Urging listeners to lobby their local MP on the issue, he added: “I’m always astonished by the amount of young talent that comes out of Great Britain and it breaks my heart that these people are being held back by these ridiculous Brexit rules.

“Britain is a hotbed of talent. And if you listened to this show today, you heard songs by incredible young artists.

“That’s proving my point. And I will constantly try and improve the situation and get it sorted out.”

Peredur ap Gwynedd, Guitarist for drum and bass band Pendulum also said the UK Government were “gaslighting us [artists]” over the issue.

Culture minister Julia Lopez has said it is not within the Government’s control if UK musicians are not able to tour in Europe after Brexit, adding EU member states are “missing out” on British musicianship.

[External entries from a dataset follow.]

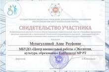 26 ноября 2022г. на прошёл Республиканский круглый стол по обмену передовым педагогическим опытом "Специфика проведения массовых мерприятий и соревнований технической направленности для детей - инвалидов и детей с ограниченными возможностями здоровья в системе дополнительного образования.Приняла участие методист по базовой площадке МБУ ДО ЦВР "ЭКО" Мутыгуллина Алия Рауфона и получила свидетельство участника.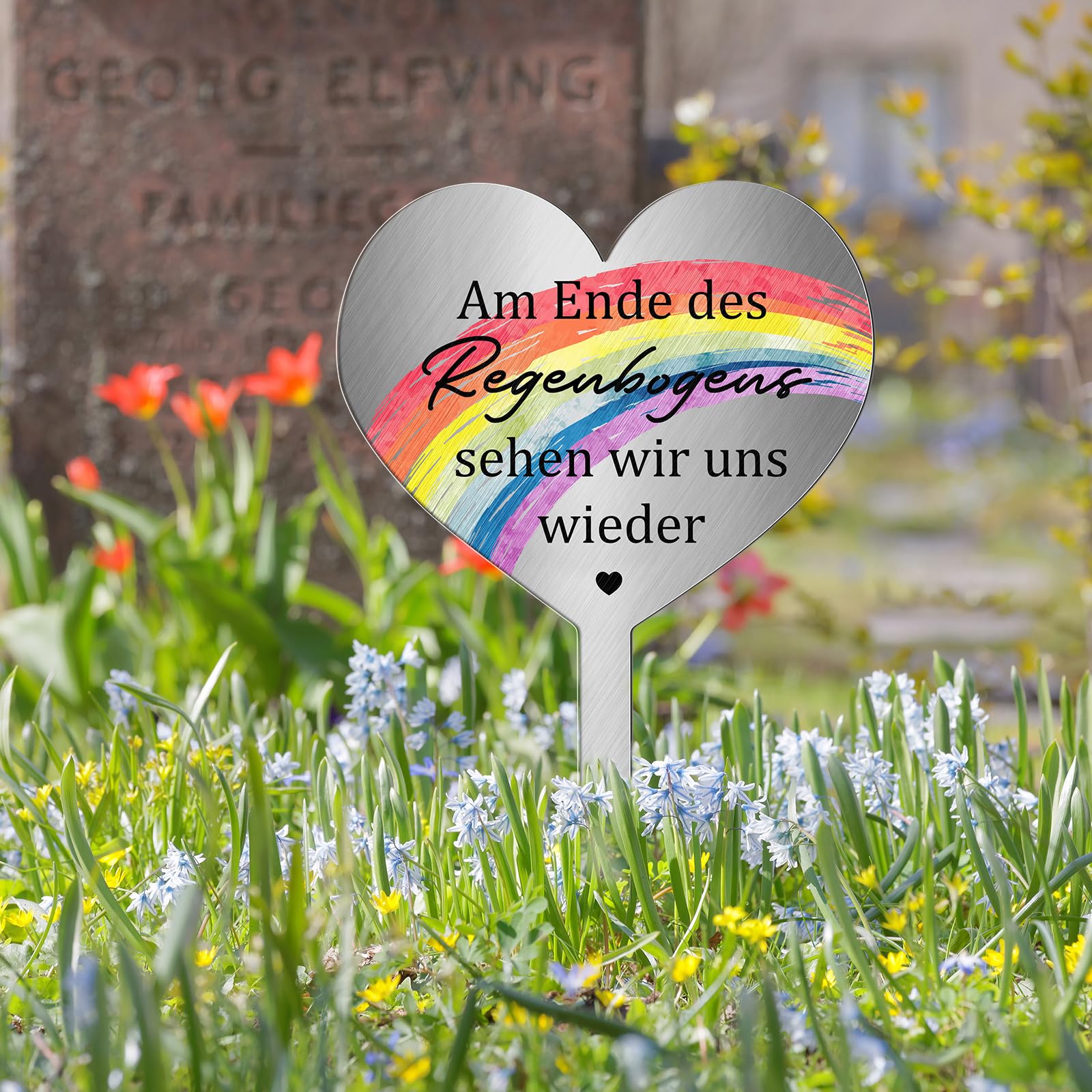 Dieser Herz-Grabstecker ist eine wunderschöne Art, an liebe Verstorbene zu erinnern. Aus robustem Metall, wetterfest und frostbeständig - hält also auch bei schlechtem Wetter. Mit dem berührenden Spruch 'Am Ende des Regenbogens sehen wir uns wieder'. Einfach in die Erde stecken - keine komplizierte Montage nötig. Mit 28x12 cm die perfekte Größe für jedes Grab. Ob auf dem Friedhof, im Garten oder für ein Tiergrab - dieser Grabstecker spendet Trost und ist eine bleibende Erinnerung. Ein stilvolles und langlebiges Andenken das deine Gefühle ausdrückt.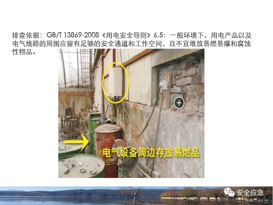 5.1.1規(guī)定一般條件下,用電產(chǎn)品的周圍應(yīng)留有足夠的安全通道和工作空間,且不應(yīng)堆放易燃、易爆和腐蝕性物品。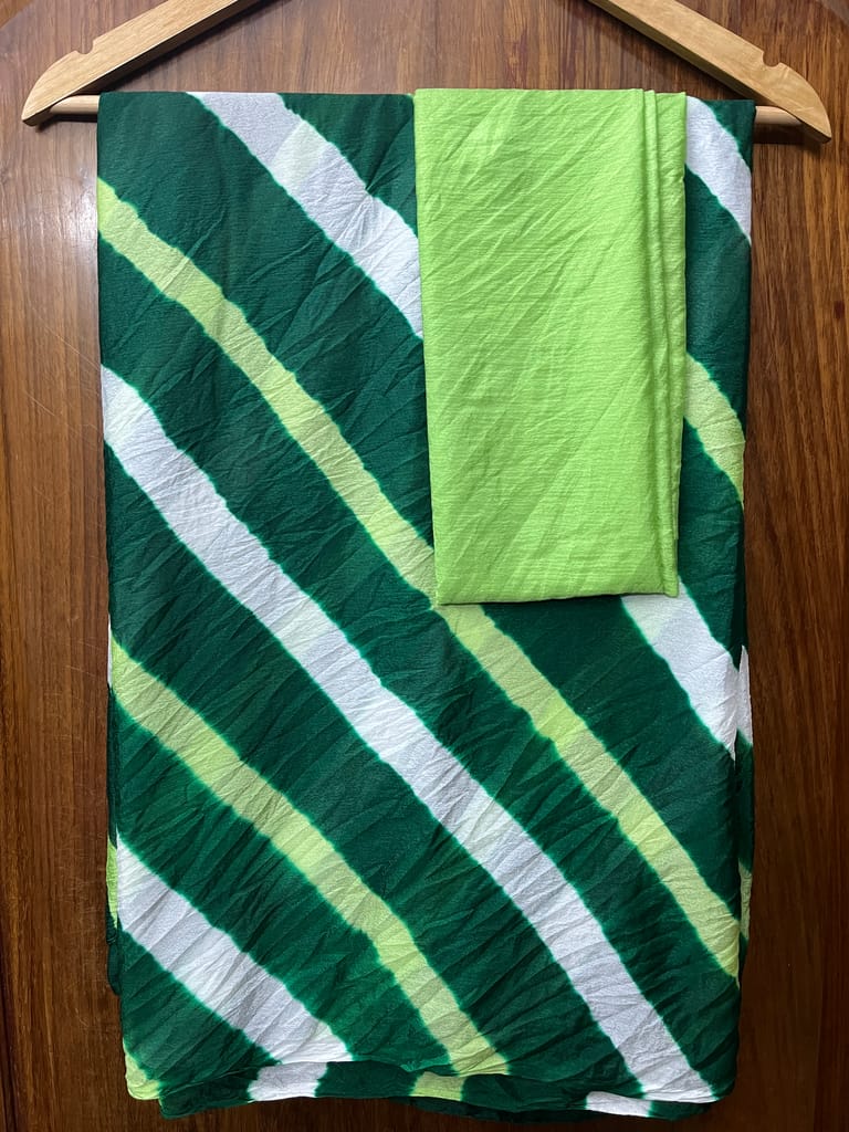SKU-OSYKVVH5ILehariya is a Traditional Style of Tie & Dye Practice in India, that results in Brightly Coloured Cloth with Distinctive Patterns. Lehariya gets its name from Word Lehar which means ''Wave'' because the dyeing technique is used to produce complex Wave Designs, popularly called the Lehariya!
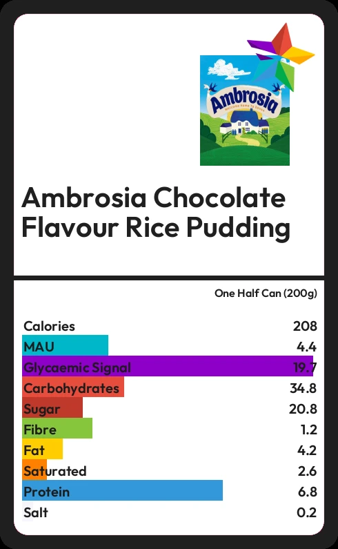 Ambrosia Chocolate Flavour Rice Pudding contains 208 calories in one Half Can (200g).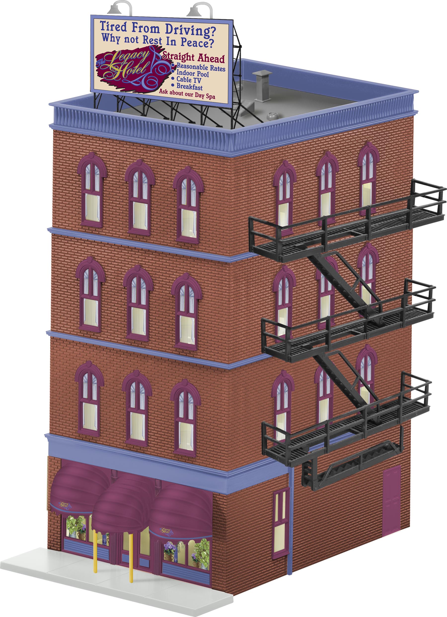 Loaded with new details, this special hotel includes a fire escape on the side, a lighted billboard and smokestack on the roof, and even an exhaust fan and central air units in the rear. Look through the windows to view realistic interior decoration and window drapery.

Shadow culture minister Alison McGovern asked in the Commons on Thursday: “The minister said in response to those questions that extensive efforts are being made, but when on August 4, the department published a statement describing the situation, the industry was clear: nothing has changed.

“So, can the minister refer to that August 4 statement on touring and tell me exactly what since the original Brexit deal was signed has changed?”

Ms Lopez replied: “We share that intensity of desire to get this sorted for UK musicians. The challenge we have is we have a desire to allow the same freedoms that EU musicians have when they come over to the UK for our musicians in the EU. It’s a shame, because the quality of musicianship in this country is second to none, so, in a sense it’s EU member states who are missing out if they continue not to provide freedoms that we provide to their artists.

“We will continue our intensive negotiations but we need to accept this is not within our control. We put forward a very fair and sensible deal to our EU counterparts and it is for them to agree the same freedoms that we grant them.” 

In response, a UK Government spokesman said: “We have spoken to every member state and 19 have confirmed musicians and performers do not require visas or work permits for short-term tours.

“The duration of visa and work permit-free touring varies from member state to member state, and for many, including France and Germany, it is for up to three months.

“Travellers should check what requirements they need to fulfil with the EU member state they are travelling to, and we are working with member states to ensure they have in place clear guidance.”